Defendants, however, do not offer any evidence of the financial, administrative, or personnel burden they claim. Even if they had offered such evidence, their brief only purports to show "substantial injury" rather than "irreparable injury." Plaintiffs point out and defendants do not counter that the relief ordered will not divert the attention of hearing and appeal ALJs from processing current cases, because the work required will be performed by Board management and support staff from the New York Department of Labor. Developing adequate notices of reopening will not be burdensome, particularly if the Board utilizes sample notices provided by plaintiffs.

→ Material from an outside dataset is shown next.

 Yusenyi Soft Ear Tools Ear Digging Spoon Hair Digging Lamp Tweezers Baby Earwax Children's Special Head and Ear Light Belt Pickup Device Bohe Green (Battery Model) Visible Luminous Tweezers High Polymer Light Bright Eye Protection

Nor should providing plaintiffs with "draft" checklists for purposes of tracking any alterations to the checklists be unduly burdensome or hamper the current claims process. Defendants kept and provided plaintiffs with such "drafts" for 15 years before computerization, and assured plaintiffs and the court that providing the drafts would continue. (Pls.' Mem. at 9.) Undoubtedly there will be some additional burden and expense imposed by the court-ordered relief. But such additional burden and expense do not normally justify a denial of fundamental due process rights. Fuentes v. Shevin, 407 U.S. 67, 92 n. 22 (1972); Goldberg v. Kelly, 397 U.S. 254, 265-266 (1970); Rufo v. Inmates of Suffolk County Jail, 502 U.S. 367, 392 (1992) (regarding modification of consent decree). Furthermore, in this case any burden imposed by the court's Order has not been shown to be "irreparable."

The only evidence proffered is a Declaration by Robert Lorenzo, Chief Administrative Law Judge of the Board, which merely asserts that burdens will be imposed without further documentation to suggest that a serious impact analysis was conducted.

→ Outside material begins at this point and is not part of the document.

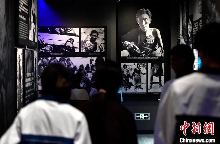 圖為9月14日,觀眾在西藏百萬農奴解放紀念館日喀則分館內看展覽。中新社記者 李林 攝

Plaintiffs describe a simple method for saving and identifying "draft" checklists on the computer system. (Pls. Mem. at 9.)

II. SUBSTANTIAL INJURY TO A PARTY

Defendants contend a stay of injunctive relief will not substantially injure the plaintiffs because the Board will continue to comply with all other provisions of the Consent Decree that are not on appeal; and that granting a stay will save resources for both parties.

However, a stay will substantially injure members of the plaintiff class. After 20 years of litigation the Board is still not in substantial compliance with the Consent Judgment, a fact that belies any claim that there is no ongoing injury to the plaintiff class. See supra note 4. Defendants' own data reveals that the existing plan does not work: for example, from 1991 through 2001 the violation rate remained around 29%; the remedy rate was far short of the Board's goal; the 2001 violation and remedy rates were significantly higher than in 1998; and there is no evidence that these rates were appreciably reduced in 2003 or will be absent a new plan. (Pls. Mem. at 10-11.) The Board's recent caseload increases, used by defendants to support their argument with respect to dwindling resources, makes a stronger case for the view that now even more claimants will be denied due process under the current system.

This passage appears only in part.